Au Cameroun, le gouvernement est toujours à la recherche d’une solution pérenne au financement de la formation professionnelle, question de réduire le taux de chômage estimé à 74% à date selon les chiffres officiels. Après son passage devant la Commission des Finances et du budget de l’Assemblée nationale la semaine dernière, Issa Tchiroma Bakary, le ministre de l’Emploi et de la Formation professionnelle, (Minefop) a émis l’idée d’une mutualisation des forces qui aboutirait à la création d’un dispositif d’investissement dans ce secteur créateur de richesses (emplois).
Pour le membre du gouvernement, la formation professionnelle coûte excessivement cher. Par conséquent, « son financement n’est pas seulement l'apanage du gouvernement. C’est toute la Nation qui doit se mobiliser pour financer la formation professionnelle. Parce qu’au moment où le monde avance pour avoir embrassé la formation professionnelle, le Cameroun ne peut pas se permettre d'être en retrait. Le gouvernement, le secteur public, le secteur privé doivent tous être mobilisés pour dégager suffisamment de ressources pour mettre en place un Fonds national pour le financement de la formation professionnelle », a-t-il déclaré. En substance, cet appel des pouvoirs publics laisse transparaître, les limites de la mesure instituée dans la loi de finances 2023 fixant le prélèvement à l’équivalent de deux mois de salaire et traitement brut pour les travailleurs non africain.
Initialement, le gouvernement comptait s’appuyer sur les recettes non fiscales issues de ce secteur pour transformer progressivement la près de 300 SAR-SM (section artisanale rurale et section ménagère) en centres de formation aux métiers ultramodernes. Sauf qu’à la première année d’implémentation de la mesure, sur un objectif de 14 milliards de Fcfa, à peine 5 milliards de Fcfa ont été mobilisés (35%) d’après les confidences de Jeanine Ngo’o Eba, directeur de la régulation de la main d’œuvre au Minefop au quotidien gouvernemental Cameroon Tribune en janvier dernier. A fin décembre 2024, le Minefop vise 20 milliards de Fcfa. A quelques semaines de la fin d’année, aucune information ne filtre sur le montant recouvré depuis le début de l’exercice.

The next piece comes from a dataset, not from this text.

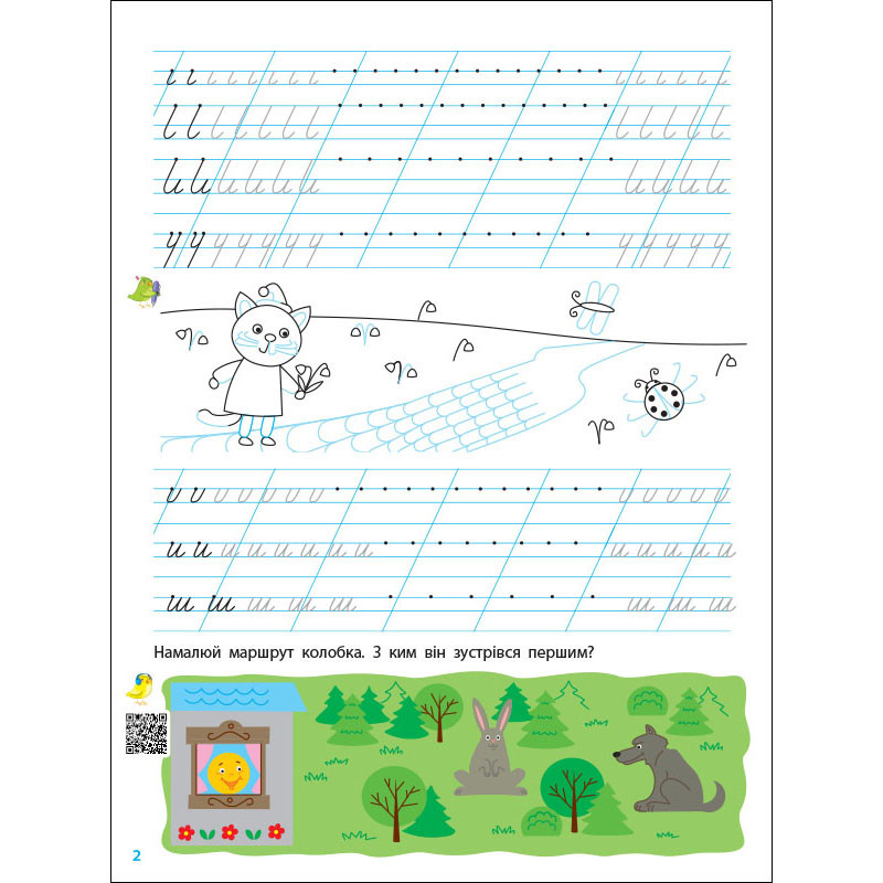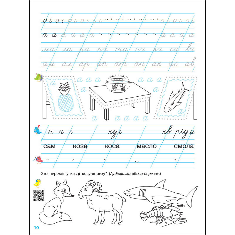 Вчимося писати правильно. Пишемо літери, прописуємо з'єднання, пишемо слова з різними видами з'єднань, списуємо слова та речення. Виконуємо мовні вправи. А також тренувальні вправи на штрихування, обведення, забарвлення. Аудіоказки та ігрові завдання для кожної казки.Кількість сторінок 32

Néanmoins, pour atteindre cette fois-ci le résultat escompté, Issa Tchiroma Bakary dévoilait le 11 janvier 2024, la nouvelle stratégie axée sur l’appel à un cocontractant (un expert) qui pendant trois ans, donnerait les détails sur le nombre (plus ou moins exact) des étrangers en terre camerounaise y compris leurs origines, leur capital savoir, leurs salaires.
Budget en hausse de 5 milliards de Fcfa
Le budget du Minefop pour le compte de l'exercice 2025 s’élève à 33,1 milliards de Fcfa contre 28,8 milliards de Fcfa en 2024. Une enveloppe qui, pour Issa Tchiroma Bakary, est certes en hausse de 4,3 milliards de Fcfa (+15%) en glissement annuel mais elle reste insuffisante par rapport à l’objectif à atteindre. La même source renseigne que la transformation d’une SAR/SM en centre de formation professionnelle coûte entre 2 et 3 milliards de Fcfa. Calculette en main, le gouvernement nécessite entre 600 et 900 milliards de Fcfa pour ce faire. « S’agissant des moyens mis à notre disposition c’est 33 milliards de Fcfa. Même si cette somme était mise à ma disposition pour la construction des centres de formation professionnelle modernes, je n’aurais pas pu construire plus de 4 ou 5 centres alors que le chef de l’Etat a prescrit la transformation de 300 SAR/SM en centre de formation professionnelle. Vous voyze donc l’immensité de la tâche pour relever le défi », a-t-il plaidé au poste national.